Back to all How-tos

PDF/A-3 and e-Invoicing

Original Author: Manuel Polling

e-Invoicing standards are emerging more and more across the globe, are seeing more use, and are increasingly being required. A number of these require PDF/A-3 with an XML attachment. Connect 2019.1 comes with features for creating PDF/A-3, and turning them into ZUGFeRD, and Factur-X conforming e-invoices. PDF/A-3 has of course other applications besides e-invoicing, it’s an archive format after all, and those applications become possible as well of course. This article explains where the new functionality is located in OL Connect, and how it can be used. We also briefly go into PDF/A-3 and its (e-invoicing) applications.

Why PDF/A-3

Anyone not yet familiar with PDF/A-3 might wonder what the benefits are beyond the older PDF/A-1, or regular PDF. These can be summarized as follows:

  • PDF/A is a standardized subset of PDF that focuses on archiving. A PDF/A file is intended to still be readable decades after it has been produced; for instance, by requiring all fonts to be embedded so there are no dependencies on other files.
  • PDF/A-3 allows transparency, OpenType fonts, and other things that were not yet allowed in PDF/A-1, because the A-3 version of the standard is based on a later version of PDF (as is PDF/A-2).
  • PDF/A-3 specifically allows embedding of any file as an attachment in a PDF/A file.

The ability to have a single file that is a human readable document (that will remain readable in the future), that can also contain a machine readable version, the original source, or any other related data, opens up interesting new possibilities. More detailed information about PDF/A-3 can be found below.

PDF/A-3 output in OL Connect

Connect 2019.1 will let you create PDF/A-3 conforming files from Output Creation. To embed files in these PDF’s, a new task “PDF/A-3 attachments” has been added to Workflow. Together, these functionalities allow you to produce PDF/A-3 files for archiving, e-invoicing, or any other application where it is convenient to combine PDF with other file formats.
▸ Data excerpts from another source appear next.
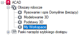 Na karcie Dostosuj, na panelu Dostosowywane pliki: <nazwa pliku> kliknij znak plusa (+) obok węzła Obszary robocze, aby go rozwinąć.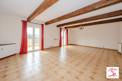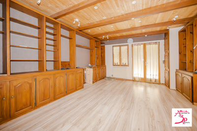 Au niveau supérieur, le séjour (37 m²) et la cuisine équipée (16 m²) donnent sur la terrasse permettant de profiter du panorama et d'une exposition sud, deux chambres (14 et 16 m²) une salle de bains avec douche, W-C et accès au jardin.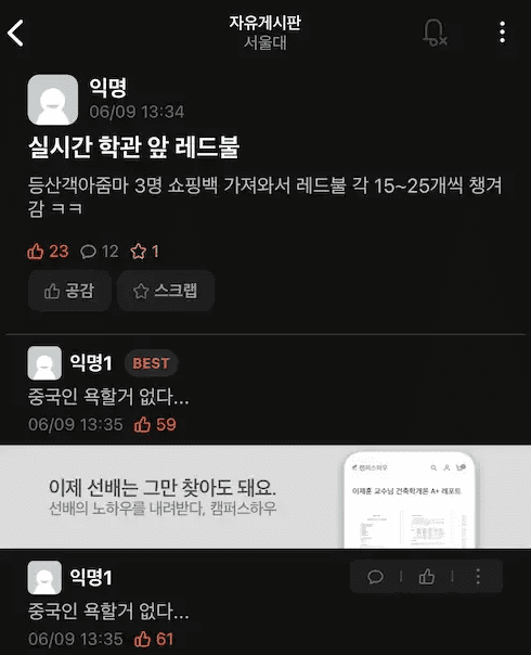 한 학생은 “중국인 욕할 거 없다”라며 일침을 날리는 댓글도 볼 수 있었다.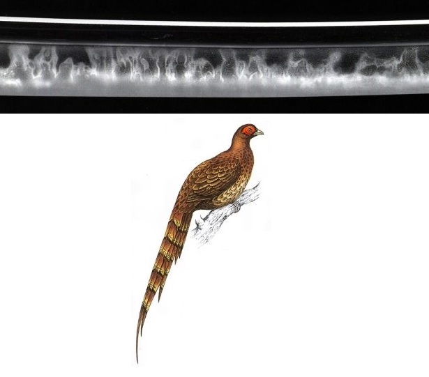 In short, Sanshōmō became Sanchōmō and the latter then also became Yamatorige, with no one being able today to say with certainty what the actual origins of that nickname are. To me personally, the hamon of the blade sure looks more like fire but with some imagination, I can also see the resemblance to the staggered, graded tail feathers of a copper pheasant (see picture below). Also, as you may have noticed in the above quote, the blade was once attributed to Osafune Kanemitsu and handed down within the Uesugi family as such. When Emperor Meiji visited the Uesugi on their lands in Yamagata in Meiji 14 (1881), he was shown the Sanchōmō/Yamatorige as he was known to be a great sword lover, which was then still labeled as Kanemitsu.
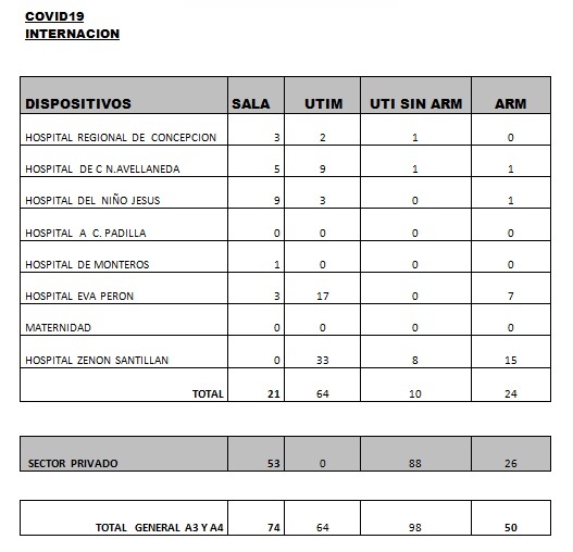 Los casos corresponden a los siguientes departamentos: Capital (160); Tafí Viejo (26); Yerba Buena (24); Lules (14); Cruz Alta (13); Chicligasta (6); Monteros (5); Tafí del Valle (4); Burruyacu (3); Leales (3); Famaillá (2); Alberdi (1); Río Chico (1); Trancas (1). Según los últimos datos sobre internaciones brindados por el Ministerio de Salud provincial, encabezado por la doctora Rossana Chahla, son 286 los tucumanos con Coronavirus internados en hospitales y sanatorios: 119 en el sector público y 167 en el privado. Por otro lado, se indica que son 50 los pacientes con asistencia respiratoria mecánica (ARM). El total de pacientes dados de alta a la fecha es de 76.116, mientras que los casos activos son 3.636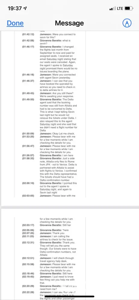Initially, my son and I were to travel September 7th; however, as a Respiratory Therapist I have first-hand knowledge of the severity of this Delta Variant. I exercised my right to one change in the flight schedule per Alitalia protocol. I literally spent 4 ½ hours on the phone and had to go through 8 different agents before I could finally reach one who would help me. Your agents would either put me on hold indefinitely or literally hang up on me. I reached a point where I was begging them to please not hang up on me - and they did anyway. By the 5th agent I began to inform them that our calls were being recorded but nothing changed. I am more than happy to share these recordings with you in addition to supporting documentation. This forum only has a link to download photos and videos.

Having the PDF/A-3 creation in Output Creation, and the attachment capability in Workflow, also means that PDF/A-3 can be created with any OL Connect product: PrintShop Mail Connect, PlanetPress Connect, and PReS Connect; while adding attachments to these PDF’s is restricted to PlanetPress Connect and PReS Connect. The PDF/A-3 Attachments task also requires an OL Connect Image license.

Create PDF/A-3 conforming files
To create a PDF/A-3 file with Connect 2019.1, is just as easy as it was to create a PDF/A-1 file. In the Output Preset Wizard, you choose “Generic PDF”, press Next, and then choose PDF/A-3b in the drop-down of the PDF Options page.pdfa3 1

Set PDF document information

Once on the PDF Options page, you’ll notice that it now also has controls to set the basic metadata for PDF’s. When creating PDF for archiving purposes, it can be important to have proper values for Title, Author, Description, and Keywords. This document information will work for any kind of PDF that can be created with Output Creation. You can use variables as well to set this information, including metadata from Job Creation.

Embed files in PDF/A-3 conforming files
pdfa3 2

Once you have a PDF/A-3, you can use Workflow to add one or more attachments to it with the new PDF/A-3 Attachments task (located in the Actions drawer of the Workflow Designer). The task will allow you to embed as many files as you like into your PDF/A-3 file, and it takes either the PDF, or one of the intended attachments as its input. The output will always be the modified PDF/A-3 with the attachments in it. Most settings in this task allow dynamic values, so it will be flexible to use.

This task also allows you add the proper information to create ZUGFeRD or Factur-X conforming PDF/A-3.

Using OL Connect's PDF/A-3 for e-Invoicing

ZUGFeRD 1.0, and Factur-X 1.0
Germany’s ZUGFeRD, and the French Factur-X (which is part of Chorus Pro) both essentially are PDF/A-3 with an XML file embedded in a specific way. Part of this is specifying metadata that makes it possible to identify the PDF/A-3 as an e-invoice according to those standards. The PDF/A-3 Attachments task has an additional tab (labeled e-Invoicing) that lets you simply choose the metadata for the standard you need, and set any configurable properties.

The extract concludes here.